To do:
Starting at the line that contains "На вкладке Video", reproduce only the lines through the end of the data, exactly, including both the first and the last; skip the pictures.

Provided data:
──────────

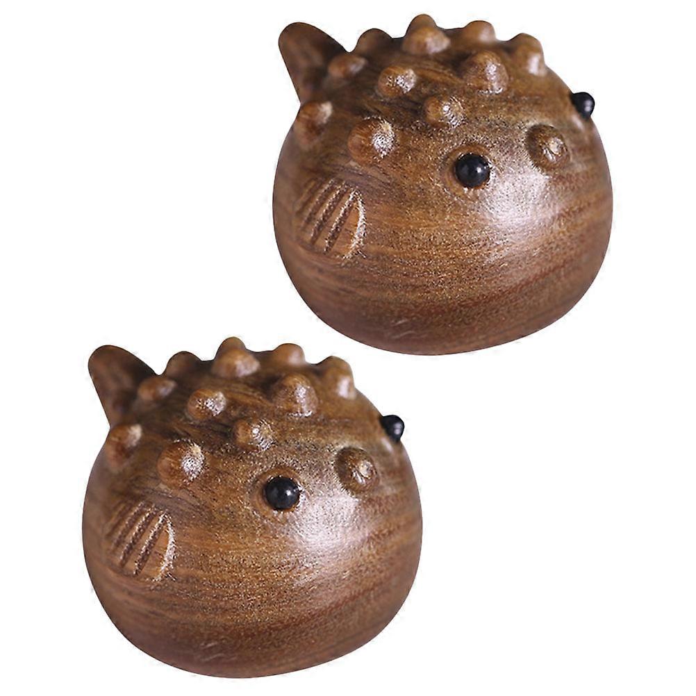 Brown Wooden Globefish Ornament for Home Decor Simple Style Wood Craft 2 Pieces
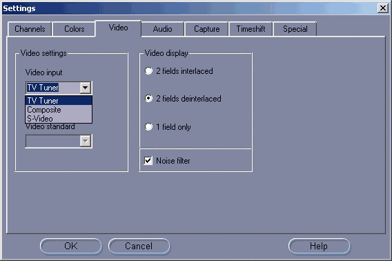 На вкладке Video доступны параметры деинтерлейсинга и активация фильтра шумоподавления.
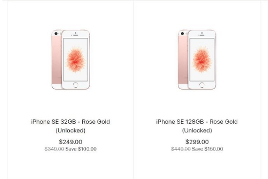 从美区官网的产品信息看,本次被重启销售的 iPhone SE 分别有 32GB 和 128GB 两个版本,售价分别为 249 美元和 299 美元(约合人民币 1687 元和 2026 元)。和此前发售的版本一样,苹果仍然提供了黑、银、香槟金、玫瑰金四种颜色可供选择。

──────────

Completed task:
 На вкладке Video доступны параметры деинтерлейсинга и активация фильтра шумоподавления.
 从美区官网的产品信息看,本次被重启销售的 iPhone SE 分别有 32GB 和 128GB 两个版本,售价分别为 249 美元和 299 美元(约合人民币 1687 元和 2026 元)。和此前发售的版本一样,苹果仍然提供了黑、银、香槟金、玫瑰金四种颜色可供选择。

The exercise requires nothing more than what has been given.